Are there any function spaces with bounded gradients?

Question

Are there any known function spaces where the gradients are uniformly bounded? For a problem I’m working on, I’ve been able to show my functions are bounded in a ball within an RKHS (reproducing kernel Hilbert space), but I can’t show the gradients are bounded.

Just wondering if there are any such spaces that constrain the size of the gradient as well.

The reason I ask is because in this paper https://arxiv.org/pdf/1905.11882.pdf, the authors rely on showing the optimal "potential" functions lie in a set with a bounded Holder norm. They're able to show specific bounds on the Holder norms (lines 11 and 12 in that paper).
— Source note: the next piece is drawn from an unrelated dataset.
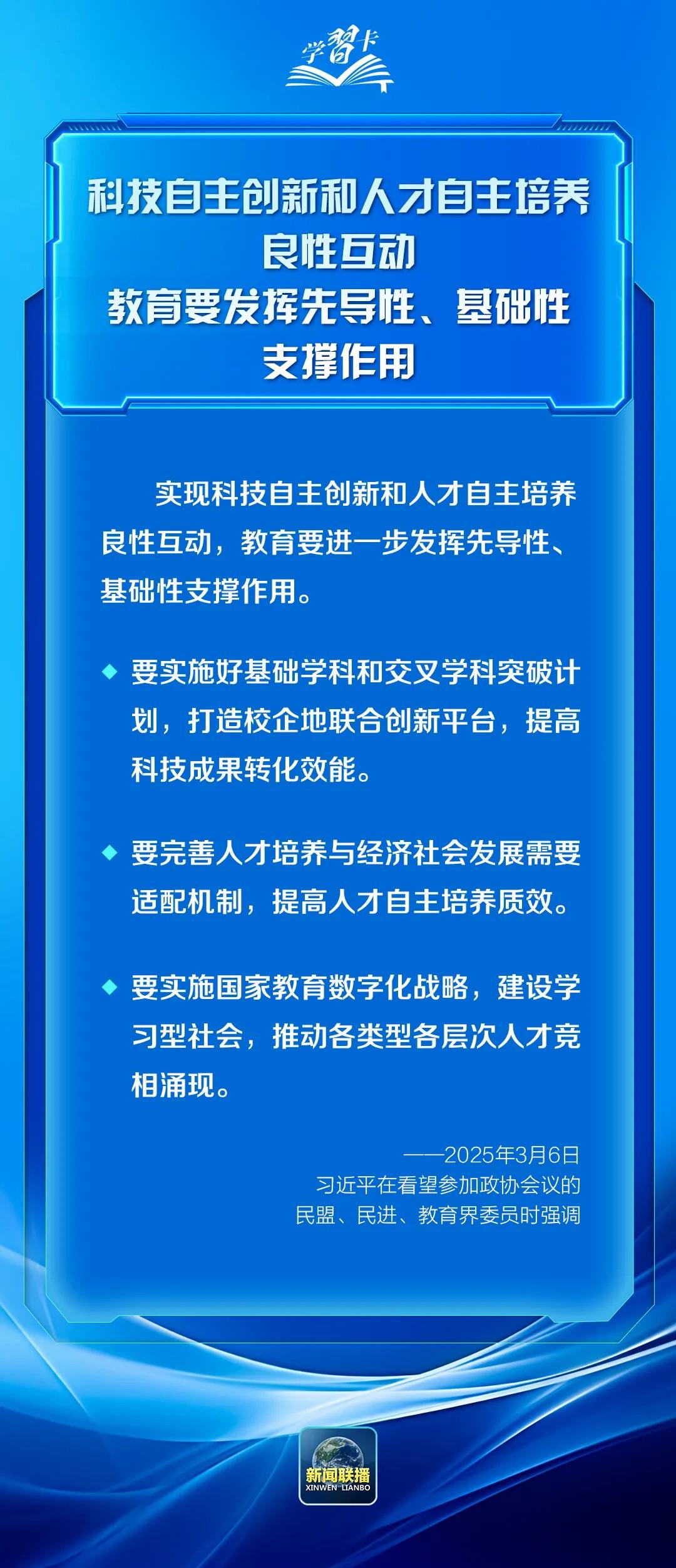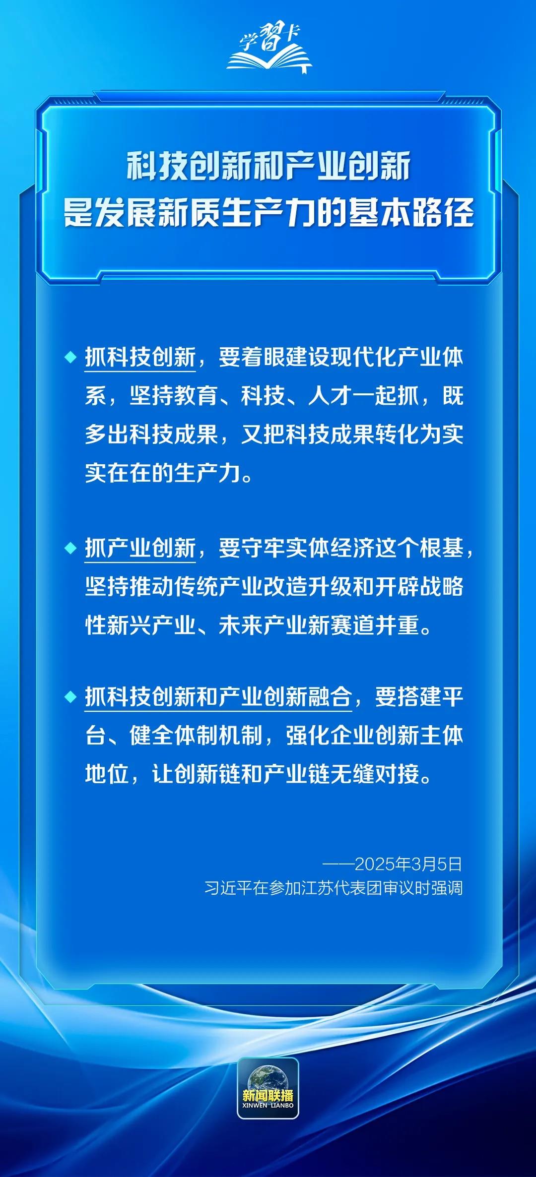 推进中国式现代化,科学技术要打头阵,科技创新是必由之路。 2025年全国两会期间,习近平总书记参加团组审议讨论时,多次提到科技创新这一关键命题,强调“科技创新和产业创新,是发展新质生产力的基本路径”。

However, in my setting, I have only been able to show that the norm of my optimal potential function is bounded in an RKHS. But I can't find any way of controlling the norms of the gradients similar to what the authors did there. Or if I can't do that, are there standard bounds for the covering numbers if the functions are bounded and lie in an RKHS?

Answer 1

Maybe I'm misinterpreting your question but no nontrivial vector space of differentiable functions has uniformly bounded gradients. If $\inf_x \|\nabla f(x)\|= M>0$, then for $c>1$, $\inf_x\|\nabla cf(x)\|= cM>M>0$.